*Task to carry out*: All of the data that follows should be retyped exactly, please, except the pictures.

*Given information*:
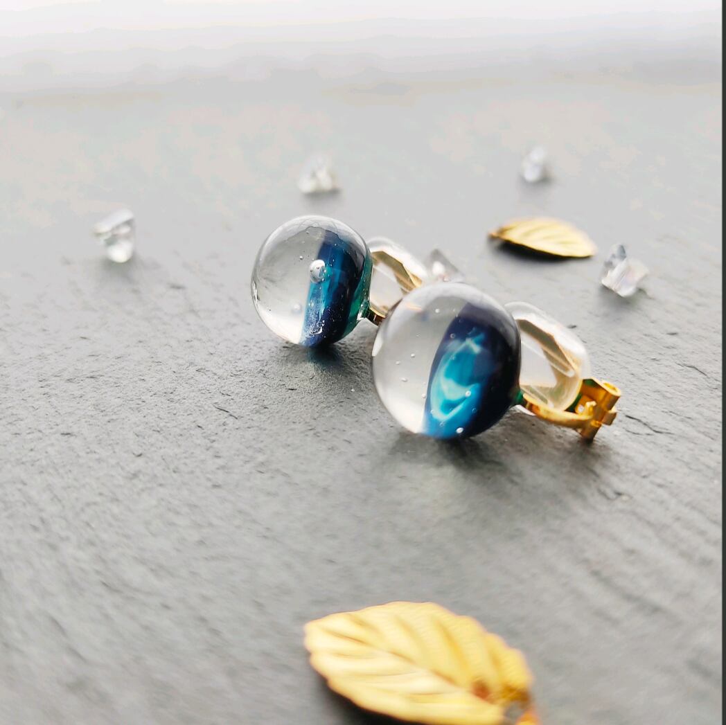 森の中の澄んだ空気を思わせる透明感が、耳元に穏やかな余白をもたらし、気持ちまで静かに整えてくれる球体イヤリングです。
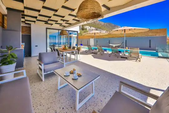 Deniz Manzarali Villa Kiralik Villa Milan , Kalkan Kördere mevkiinde yer almaktadir.3 yatak odali 6 kisi kapasiteli villamizin tüm yatak odalari muhtesem deniz manzarasina hakimdir. Kiralik yazligimizin tam donanimli Amerikan mutfaginda ihtiyaç duyabileceginiz tüm ekipmanlar mevcut olup konforlu mobilyalarla dizayn edilmis salonu hizmetinizdedir. Havuz ve bahçe kati muhtesem bir deniz manzarasina sahip Villa Milan siz degerli misafirlerini agirlamayi beklemektedir.
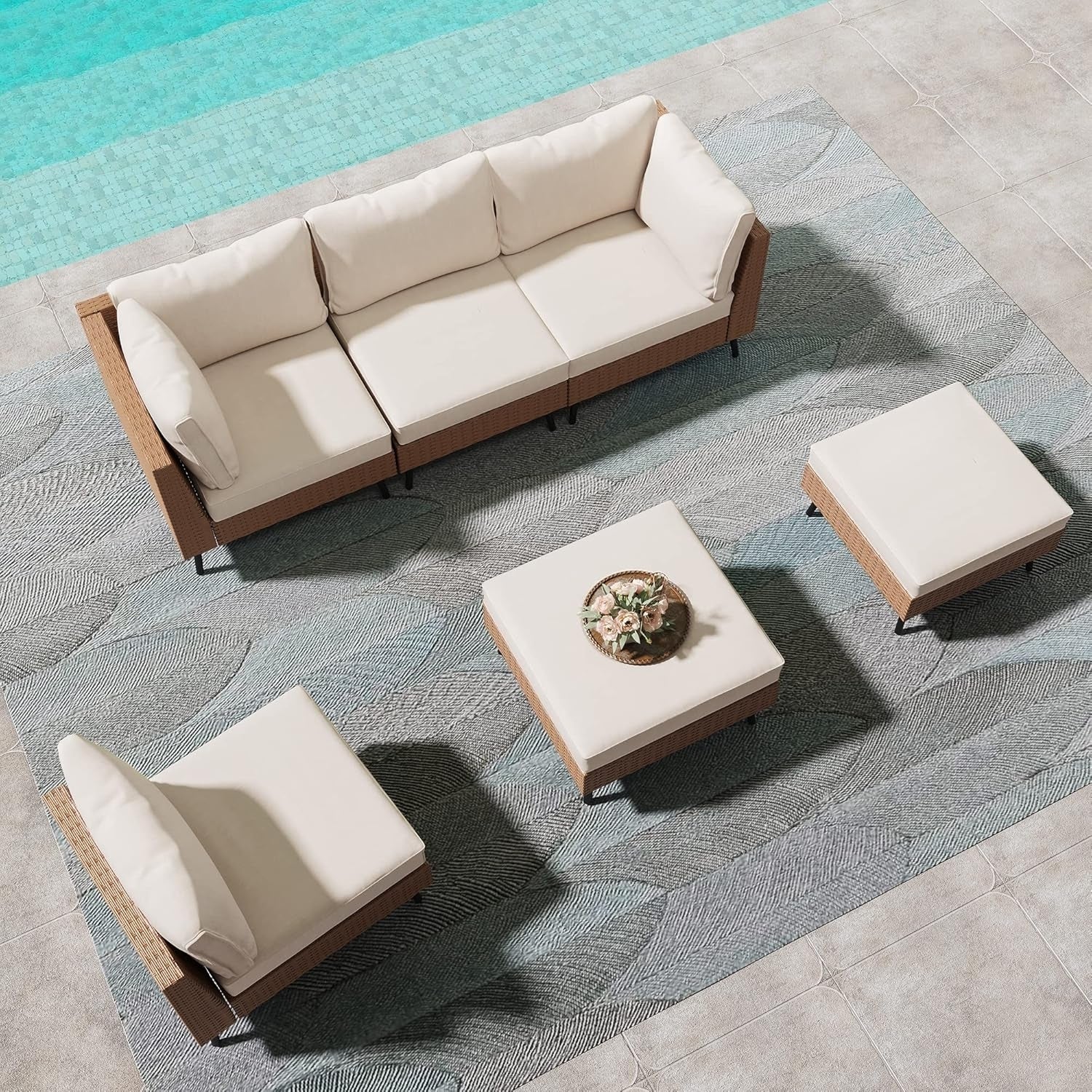 Johanna Outdoor Rattan Wicker 6-Seater Sofa Set

*Exercise solution*:
 森の中の澄んだ空気を思わせる透明感が、耳元に穏やかな余白をもたらし、気持ちまで静かに整えてくれる球体イヤリングです。
 Deniz Manzarali Villa Kiralik Villa Milan , Kalkan Kördere mevkiinde yer almaktadir.3 yatak odali 6 kisi kapasiteli villamizin tüm yatak odalari muhtesem deniz manzarasina hakimdir. Kiralik yazligimizin tam donanimli Amerikan mutfaginda ihtiyaç duyabileceginiz tüm ekipmanlar mevcut olup konforlu mobilyalarla dizayn edilmis salonu hizmetinizdedir. Havuz ve bahçe kati muhtesem bir deniz manzarasina sahip Villa Milan siz degerli misafirlerini agirlamayi beklemektedir.
 Johanna Outdoor Rattan Wicker 6-Seater Sofa Set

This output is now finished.